Salt + Light Media
- Salt + Light Media logo
- Country: Canada
- Broadcast area: Nationally Worldwide
- Headquarters: Toronto, Ontario

Programming
- Picture format: 1080i (HDTV) 480i (SDTV)

Ownership
- Owner: Salt and Light Catholic Media Foundation
- Key people: Haig Chahinian (CEO)

History
- Launched: July 2003; 22 years ago
- Founder: Gaetano Gagliano

Links
- Website: slmedia.org

= Salt + Light Television =

Catholic television channel in Canada

Salt + Light Television is a Canadian multi-lingual Category B television channel owned by the not-for-profit Salt and Light Catholic Media Foundation and based in Toronto, Ontario.

== Description ==

Logo used in French programming, Télévision Sel + Lumière.

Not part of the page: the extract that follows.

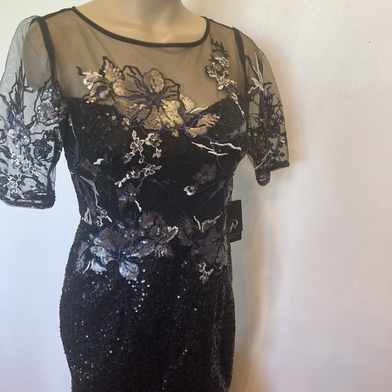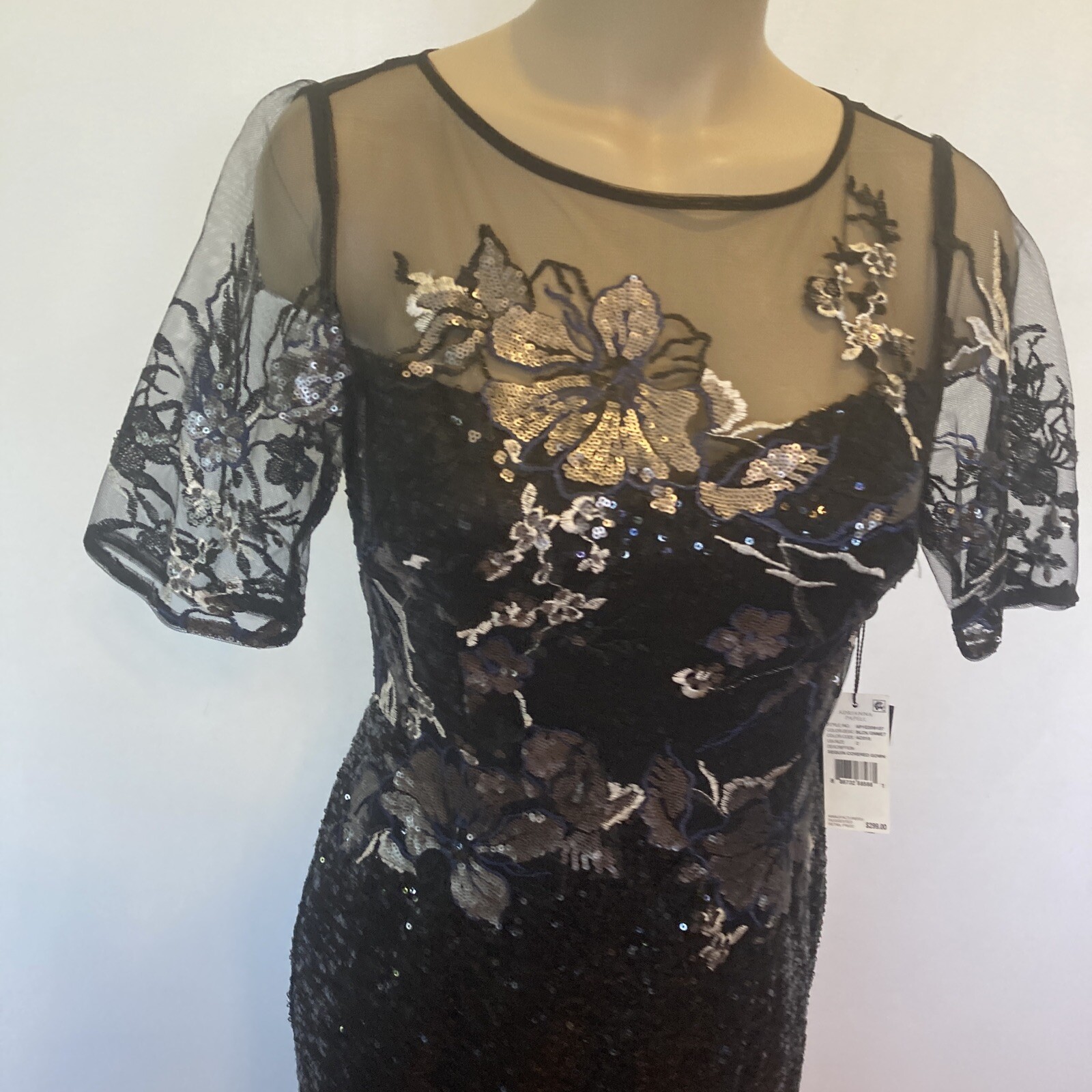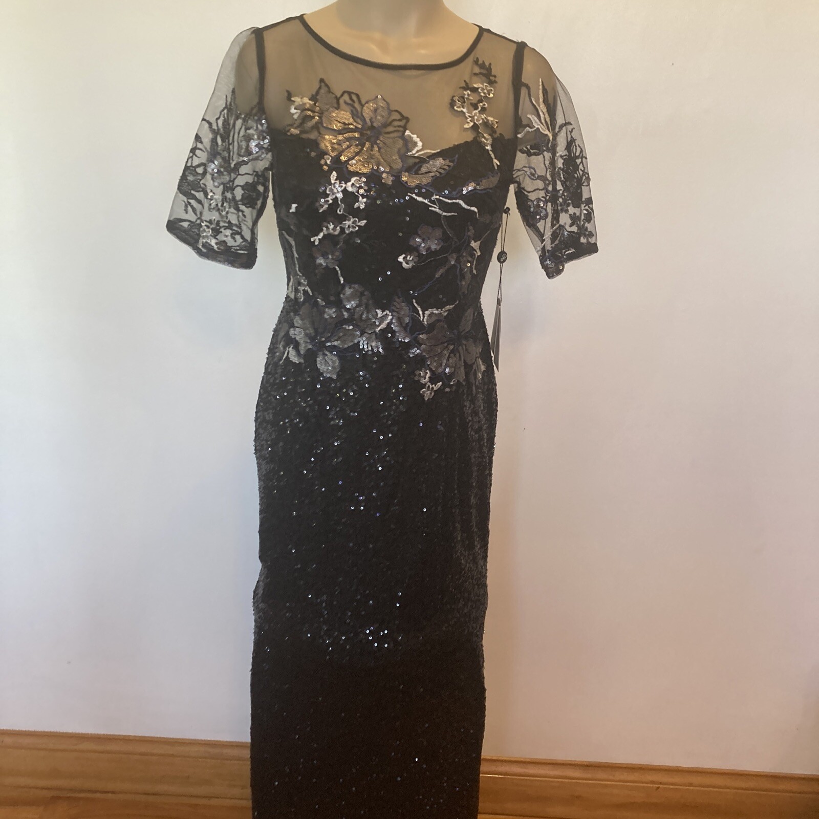 New Adrianna Papell size 2 black sequin covered gown w/embroidery top dress

The channel broadcasts faith-based programming for Catholics, which includes televised daily Mass, documentaries, live event coverage and talk shows. Programs are primarily broadcast in English, along with French (under the brand Sel + Lumière Média), Italian and Chinese languages.

==History==
In November 2001, Paolo Canciani (later forming Canbo Broadcasting to operate the future channel) was granted approval from the Canadian Radio-television and Telecommunications Commission (CRTC) to launch Inner Peace Television Network. It was described as: "a national ethnic Category 2 specialty television service devoted to providing religious programming from the single point-of-view of the Catholic faith. The service targeted Italian, Spanish, Portuguese, Polish, Filipino, English, and French-speaking audiences. In addition to religious programming, the service will offer a limited amount of programming dealing with social and humanitarian issues."The channel launched in July 2003 as Salt + Light Television and was quickly spun-off as a non-profit company under the ownership of Salt and Light Catholic Media Foundation, a newly formed charitable organization ran by a board of directors, two of which were from the Gagliano family, who in turn controlled St. Joseph Printing Limited. Upon launch, the channel initially aired programming in English, French, Italian, Spanish, and Portuguese; which has since changed to its current language list. In addition to television, they offer a streaming service, Salt + Light Plus, offering on-demand access through Android, Apple iOS, Apple TV, Roku, Amazon Fire TV, and Salt + Light Plus.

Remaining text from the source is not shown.